Literally Taxed to Death!… $494 Billion Tax Increase Jan. 1, 2013

 

money-to-burn-taxes

It will be up to Washington to save the country from what the Washington Post has dubbed “Taxmageddon” — the looming tax increase set to hit Americans on Jan. 1. Curtis Dubay, a senior analyst in Tax Policy at the Heritage Foundation, has chronicled the taxes set to hit if Congress and the administration do not make adjustments. ~ Caroline May

According to Dubay, Americans will see a $494 billion tax increase at the beginning of 2013.

“[The tax increase] is hitting because of expiring tax policies and
the beginning of five taxes in Obamacare,” Dubay told The Daily Caller.

Dubay’s study
of the looming $494 billion tax increase highlights the policies set to
expire. These include the Bush tax cuts, the payroll tax cut, the
Alternative Minimum Tax (AMT) patch, the tax cuts in the 2009 stimulus,
tax extenders, the estate tax adjustment, and 100 percent business
investment expensing.

Additionally, Durbay points out, that five of the eighteen tax increases in Obamacare will begin next year.

“Seventy percent of the tax hike falls directly on middle and low
income families,” Dubay said. “That might surprise some people because
you’ve heard for the last 12 years that the Bush tax cuts were just tax
cuts for the rich, which is simply not true.”

“Sixty percent of the tax cuts in the Bush tax cuts are direct cuts
for middle and low income families,” he explained. “The payroll tax cut
is a middle and low income family tax cut, and the AMT patch, the whole
purpose of it is to prevent a tax hike on middle and low income
families. So when you add it all up 70 percent of that [nearly] $500
billion figure is a direct tax increase on middle and low income
families.”

Dubay added that the increases are just a part of the cost set to
result if Congress and the administration do not deal with the coming
changes.

“That is just the direct part,” he explained. “The rest of the taxes
fall on job creators, businesses that pay their taxes under the
individual tax code, investors, entrepreneurs, other businesses. So the
indirect effect hit Americans at all income levels, including middle and
low income because the economy will slow, job creation will slow, and
wages will not grow as fast.”

Federal Reserve Chairman Ben Bernanke warned the House Financial Services Committee of the potential tax onslaught in February.
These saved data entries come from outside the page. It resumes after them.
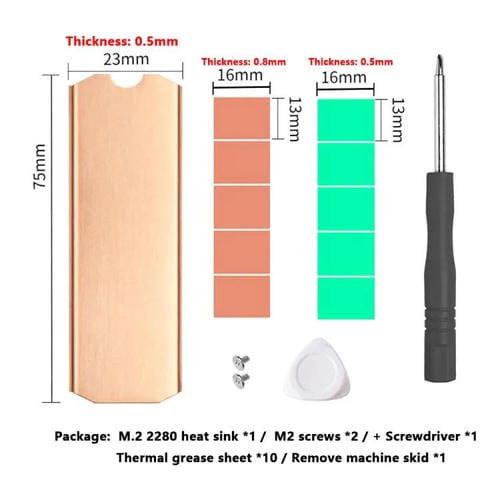 • 1x Disipador de Calor SSD de Cobre Puro Finalcool M.2 2280 para Consolas de Juegos, Portátiles y Minihosts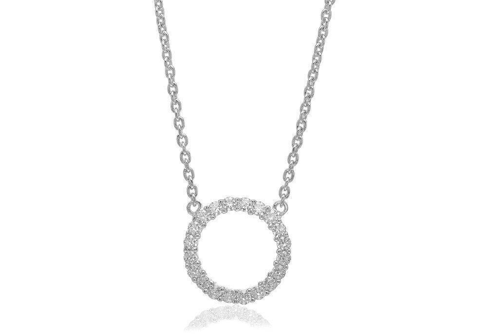 Necklace made of 925 sterling silver with rhodium, polished surface and facet cut white zirconia and 45cm chain. Pendant measurements: Diameter 13 mm, Chain length 42 cm + 3 cm.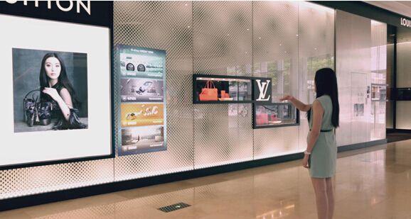 互動櫥窗設備可將圖像投射到商戶臨街玻璃櫥窗的普通玻璃上(所有互動櫥窗設備都放置在店內(nèi),畫面尺寸不限),顧客在店外隔著玻璃點擊圖像畫面,在店內(nèi)的互動櫥窗設備可感應到 ……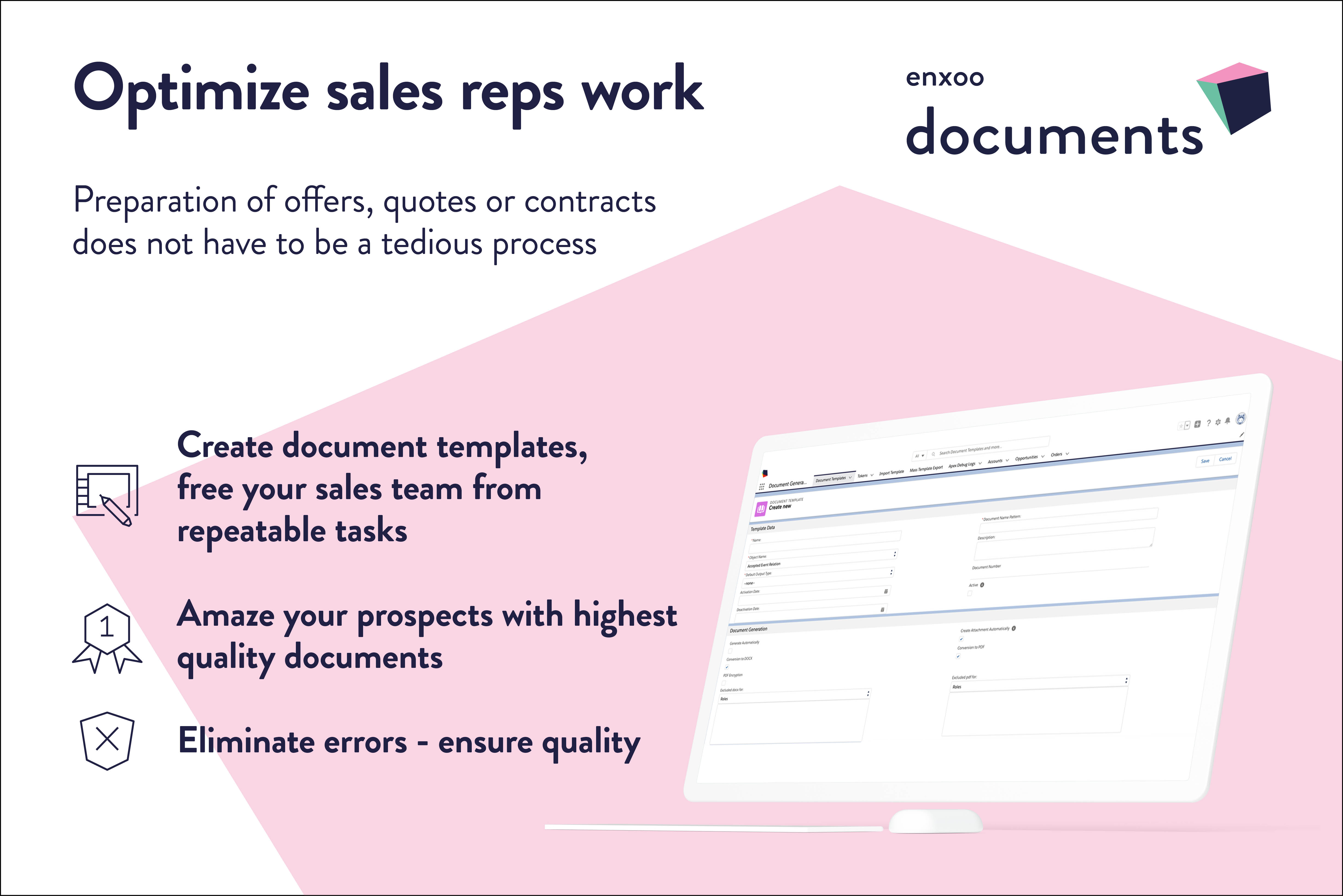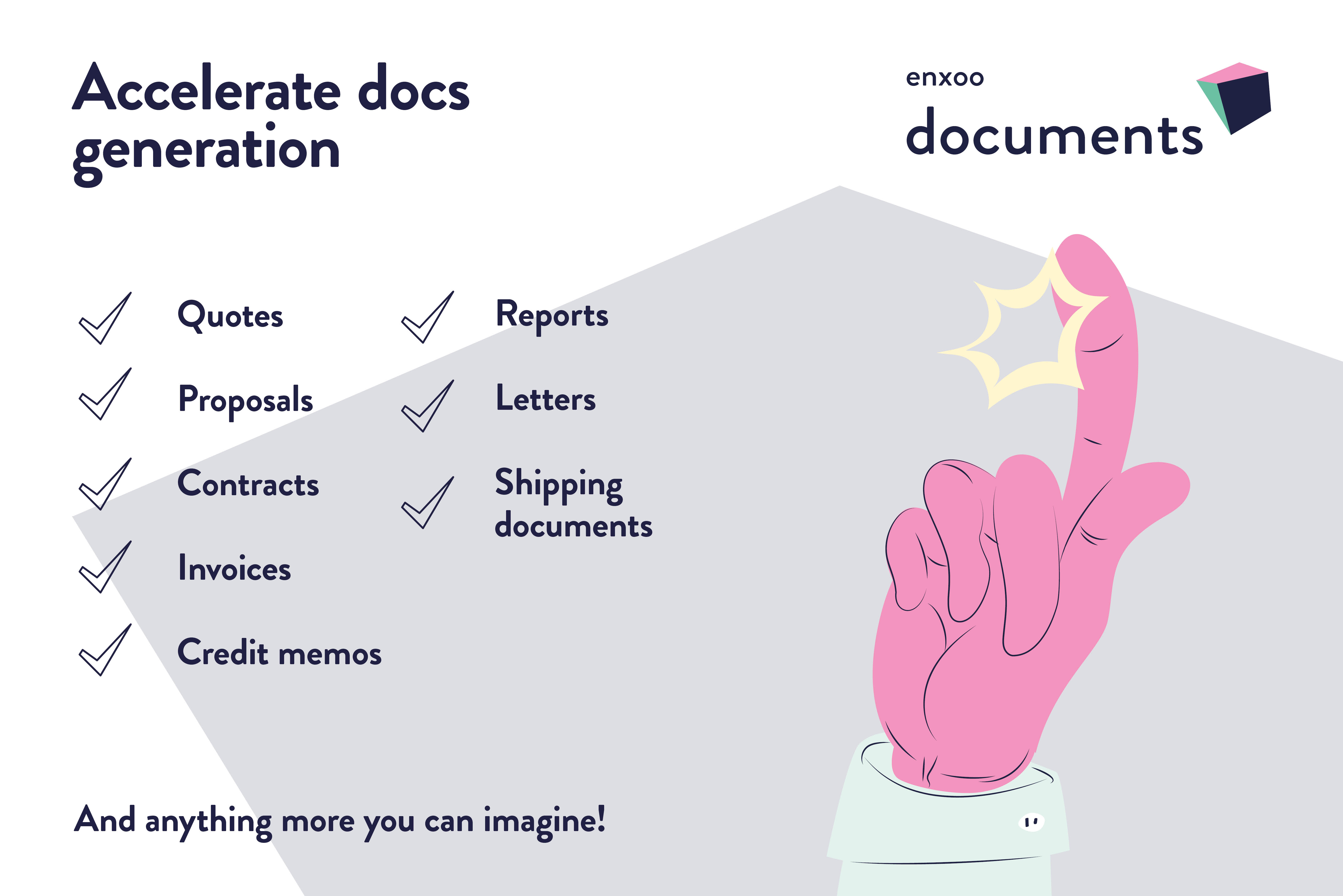 Document GenerationDocuments are an inseparable part of a business operation. Regardless of whether you create proposals, invoices, or orders, you expect quality and consistency. Easy in use, Enxoo Documents provides you with the flexibility to create any document quickly.

“Under current law, on Jan. 1, 2013, there’s going to be a massive
fiscal cliff of large spending cuts and tax increases,” he said of the
expiration of the Bush tax, the expiration of a payroll tax cut and $1.2
trillion in spending cuts, according to The Hill.
“I hope that Congress will look at that and figure out ways to achieve
the same long-run fiscal improvement without having it all happen at one
date.”

According to Dubay, Congress and the administration are likely to to
delay dealing with the issue until after the election, which will cause
uncertainty in the marketplace in the interim.
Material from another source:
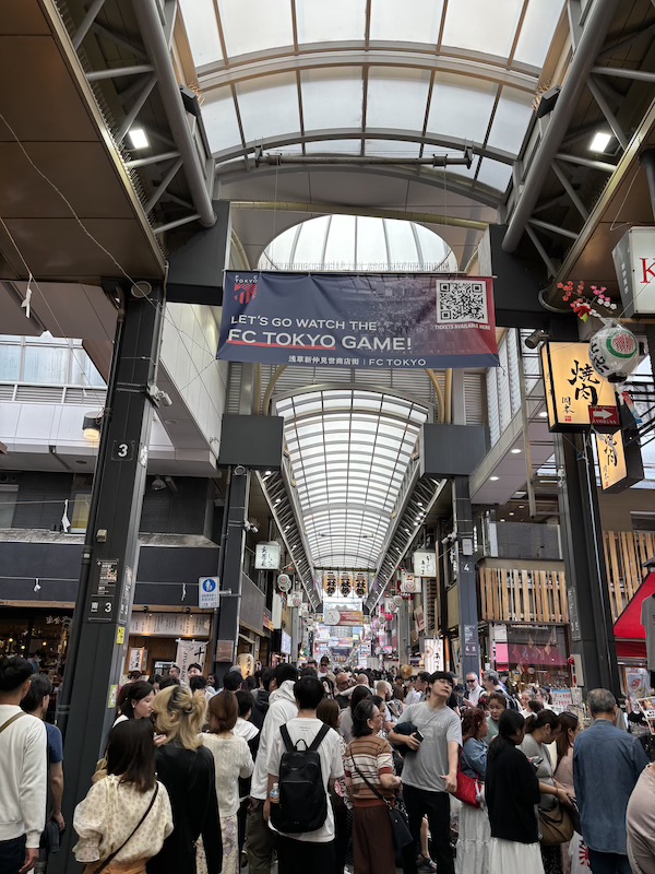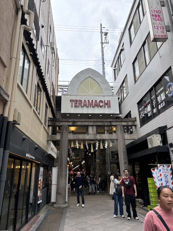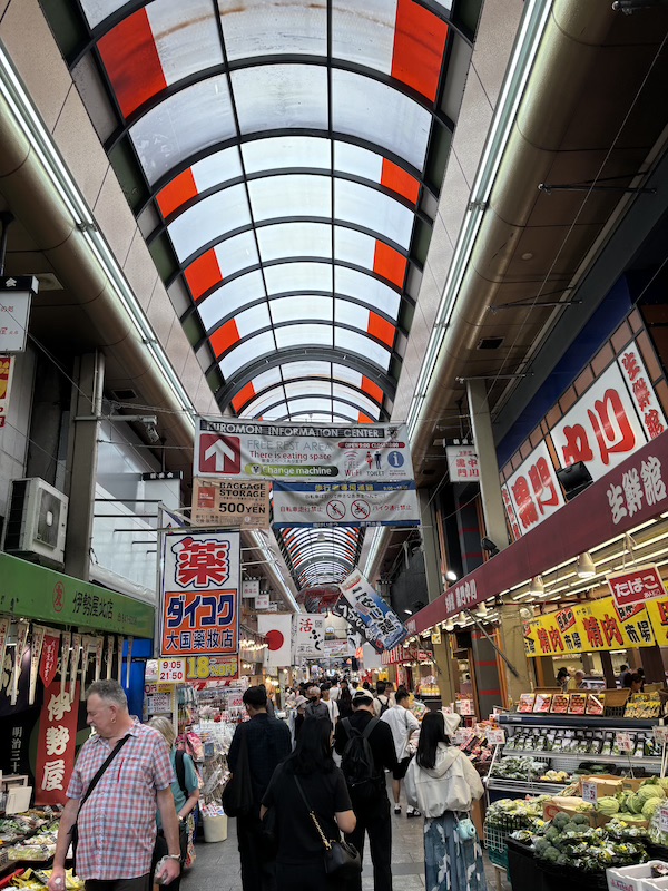 Da der letzte Tag ziemlich vollgepackt war und mich die typische Klimaanlagen-Erkältung ein wenig niederstreckte, schliefen wir zunächst ordentlich aus. Weil wir bisher auch schon einiges gesehen hatten und den Tag ruhiger angehen lassen wollten, strichen wir die ersten beiden Punkte, die für den Tag geplant waren. Stattdessen gingen wir direkt zum Kuromon Ichiba Market. Dabei ließen wir zum ersten Mal unsere Rucksäcke im Hotel und sind nur mit Bauchtasche los, was ein freies und tolles Gefühl war.

“The uncertainty caused by Taxmageddon is slowing the economy today.
Businesses, families, investors have no idea what their tax rate is
going to be in nine months. That is causing them to hold back on making
decisions today,” he said, adding that businesses do not know whether to
hire, investors do not know whether to invest and families cannot plan
their short-term financial future because nobody knows what their taxes
are going to be.

The Washington Post has reported
that Mark Zandi, the chief economist for Moody’s Analytics, is
predicting that “Taxmageddon,” in cahoots with debt deal spending cuts,
will reduce economic growth by three percentage points.

Zandi was more sanguine, however, about the final outcome.

“My forecast is that tax rates are not going to rise for everyone on January 1, 2013,” he said.